Records for this task below:

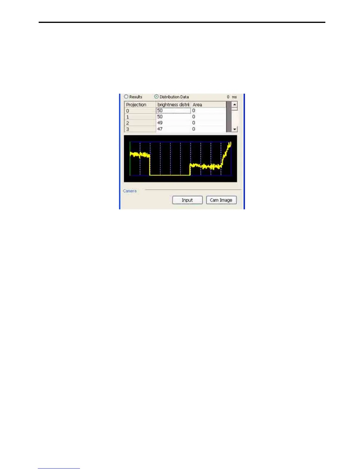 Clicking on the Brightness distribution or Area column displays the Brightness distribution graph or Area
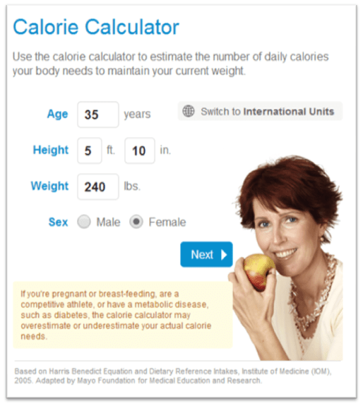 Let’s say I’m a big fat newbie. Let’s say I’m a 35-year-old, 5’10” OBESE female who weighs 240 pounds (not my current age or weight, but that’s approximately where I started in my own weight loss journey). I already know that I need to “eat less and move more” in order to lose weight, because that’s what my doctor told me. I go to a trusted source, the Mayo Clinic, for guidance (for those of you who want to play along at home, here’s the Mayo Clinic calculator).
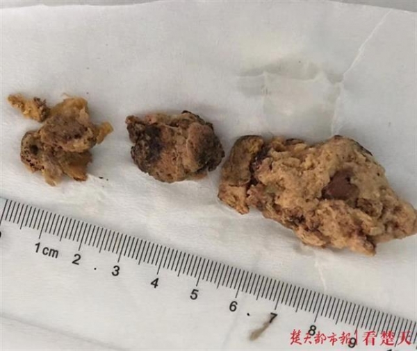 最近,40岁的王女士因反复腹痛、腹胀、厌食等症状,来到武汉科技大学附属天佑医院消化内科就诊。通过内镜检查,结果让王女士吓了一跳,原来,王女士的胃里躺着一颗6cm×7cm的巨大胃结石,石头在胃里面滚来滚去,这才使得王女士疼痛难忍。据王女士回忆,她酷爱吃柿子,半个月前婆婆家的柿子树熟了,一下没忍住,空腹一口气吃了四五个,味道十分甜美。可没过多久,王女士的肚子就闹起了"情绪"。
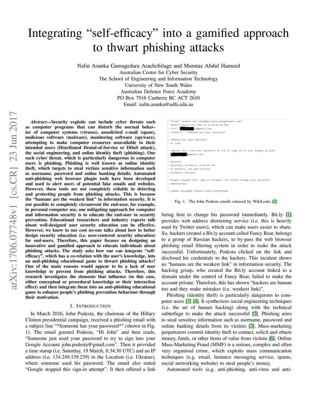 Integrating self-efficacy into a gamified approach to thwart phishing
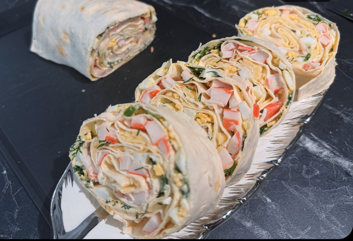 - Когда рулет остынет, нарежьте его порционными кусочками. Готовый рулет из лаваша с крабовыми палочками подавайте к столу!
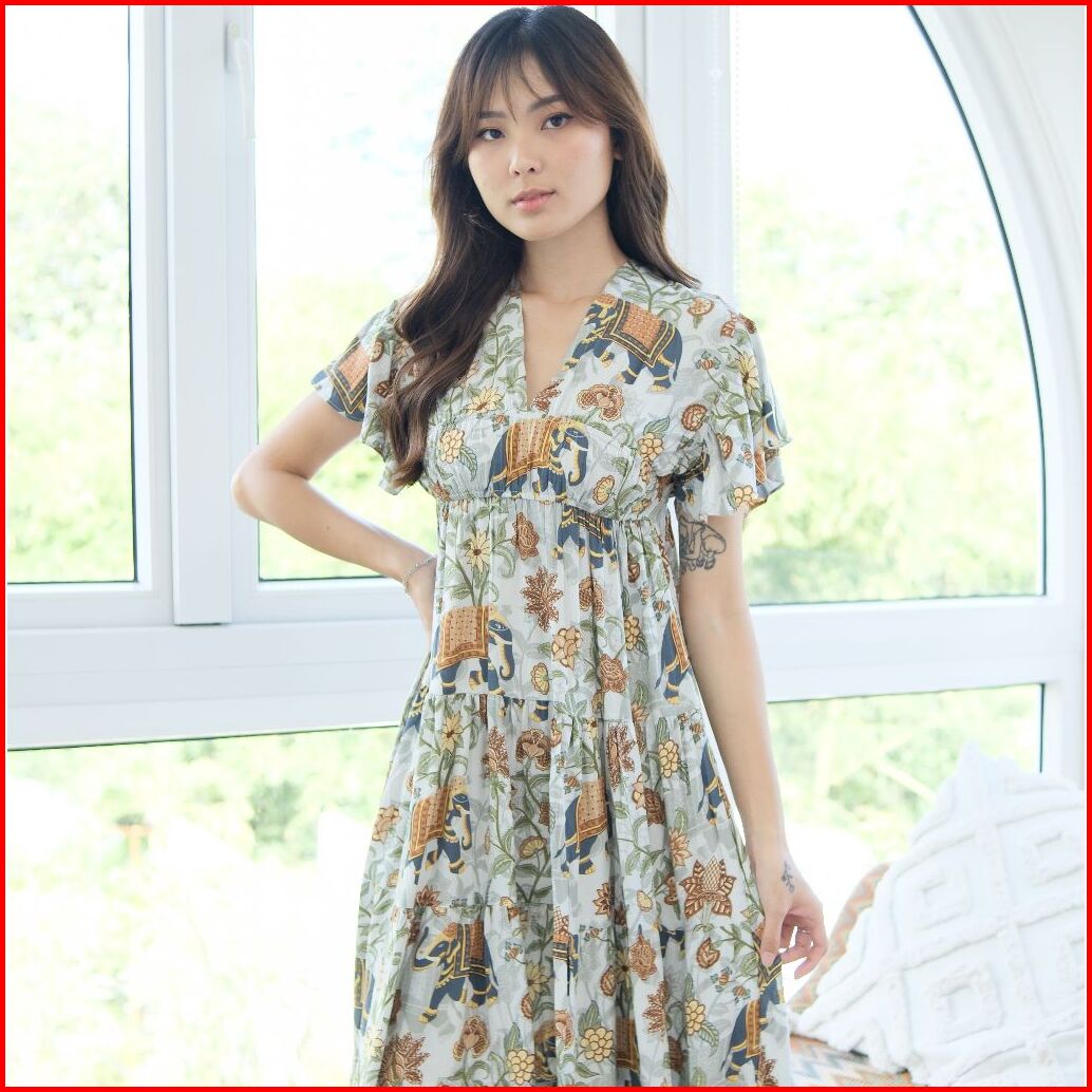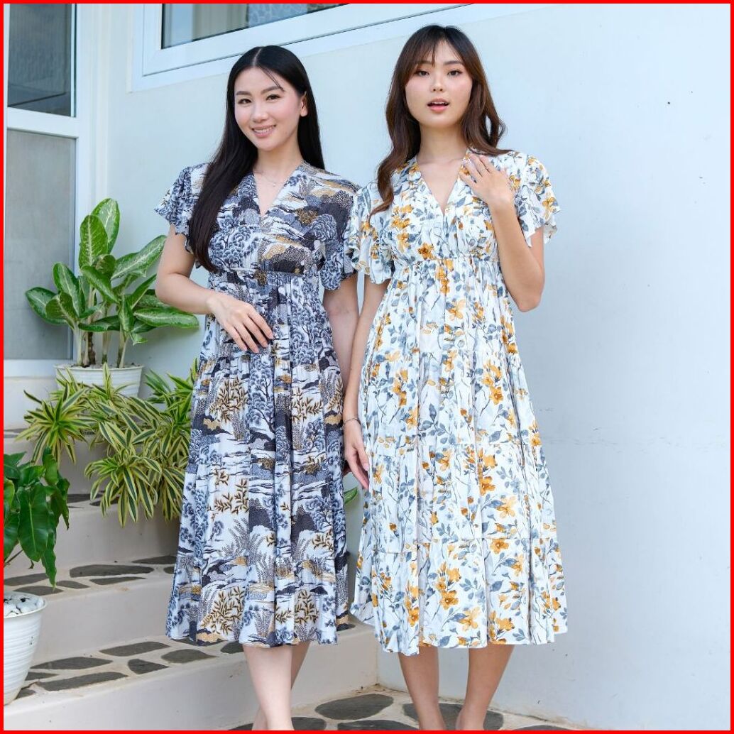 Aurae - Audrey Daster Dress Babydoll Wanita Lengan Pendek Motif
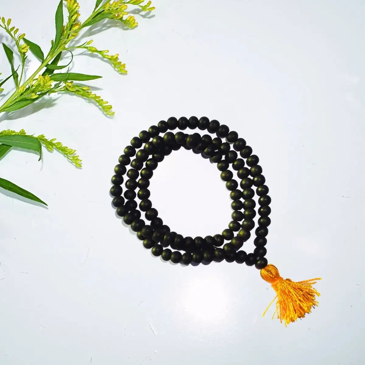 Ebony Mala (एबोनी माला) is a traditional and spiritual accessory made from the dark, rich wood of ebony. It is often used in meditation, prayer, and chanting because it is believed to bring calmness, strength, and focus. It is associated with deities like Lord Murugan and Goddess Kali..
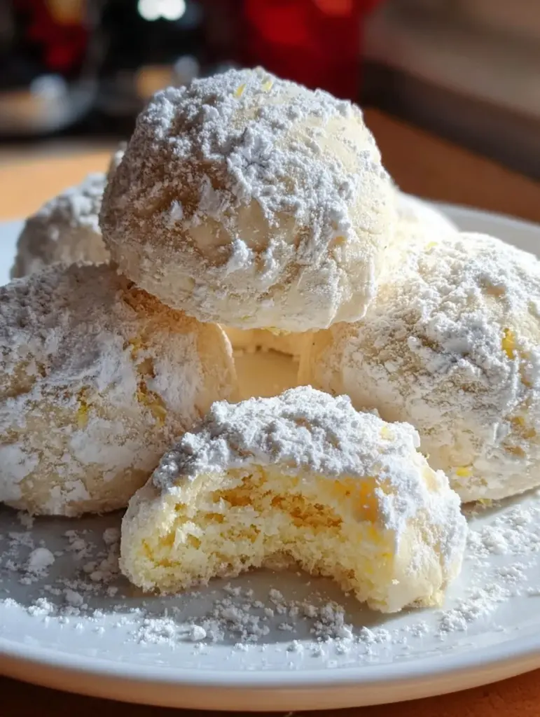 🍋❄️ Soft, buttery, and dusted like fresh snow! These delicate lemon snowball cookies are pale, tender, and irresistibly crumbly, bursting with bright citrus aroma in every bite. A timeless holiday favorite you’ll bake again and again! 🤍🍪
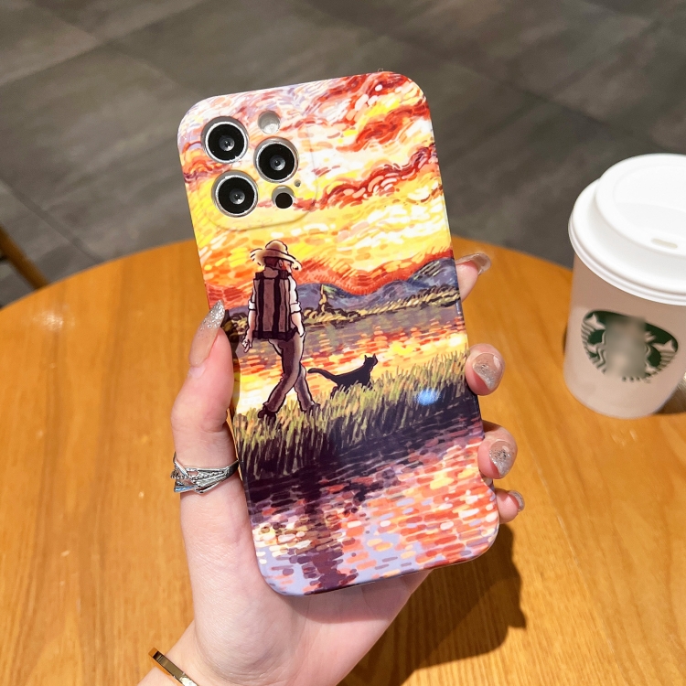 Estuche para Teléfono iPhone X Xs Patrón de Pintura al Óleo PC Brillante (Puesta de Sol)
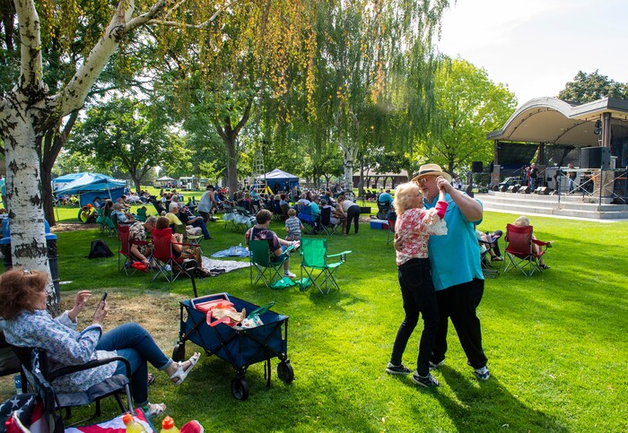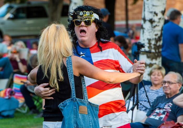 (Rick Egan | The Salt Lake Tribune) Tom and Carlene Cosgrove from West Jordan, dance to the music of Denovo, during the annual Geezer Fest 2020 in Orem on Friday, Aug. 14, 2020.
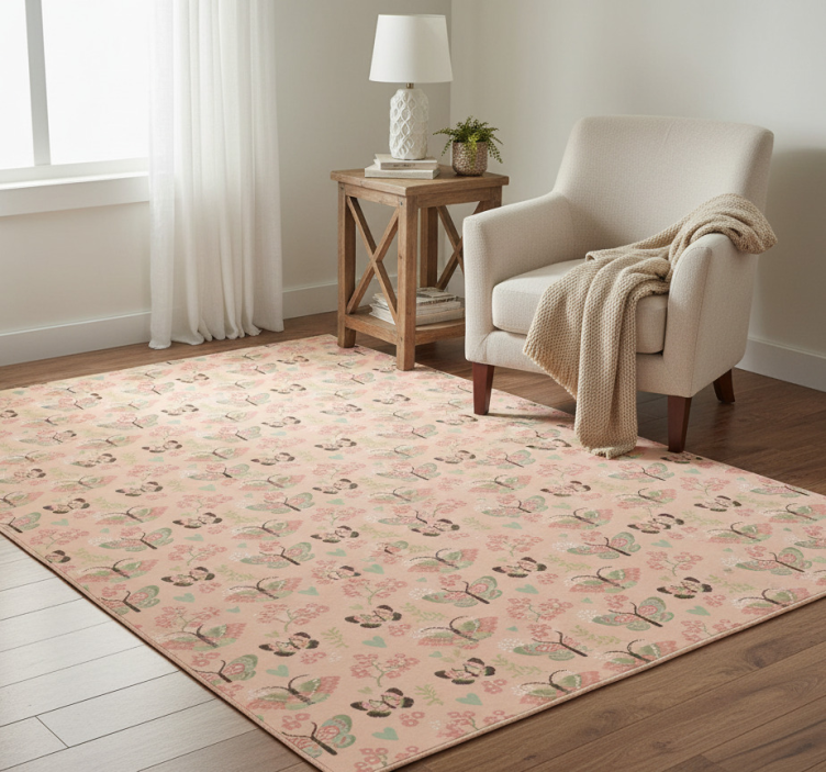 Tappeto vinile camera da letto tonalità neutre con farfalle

End of Records for this task.

◆ Task to carry out
Would you write out exactly the lines of the data from the one holding "(Rick Egan |" to the final line, both included, with pictures left out?

◆ Task response
 (Rick Egan | The Salt Lake Tribune) Tom and Carlene Cosgrove from West Jordan, dance to the music of Denovo, during the annual Geezer Fest 2020 in Orem on Friday, Aug. 14, 2020.
 Tappeto vinile camera da letto tonalità neutre con farfalle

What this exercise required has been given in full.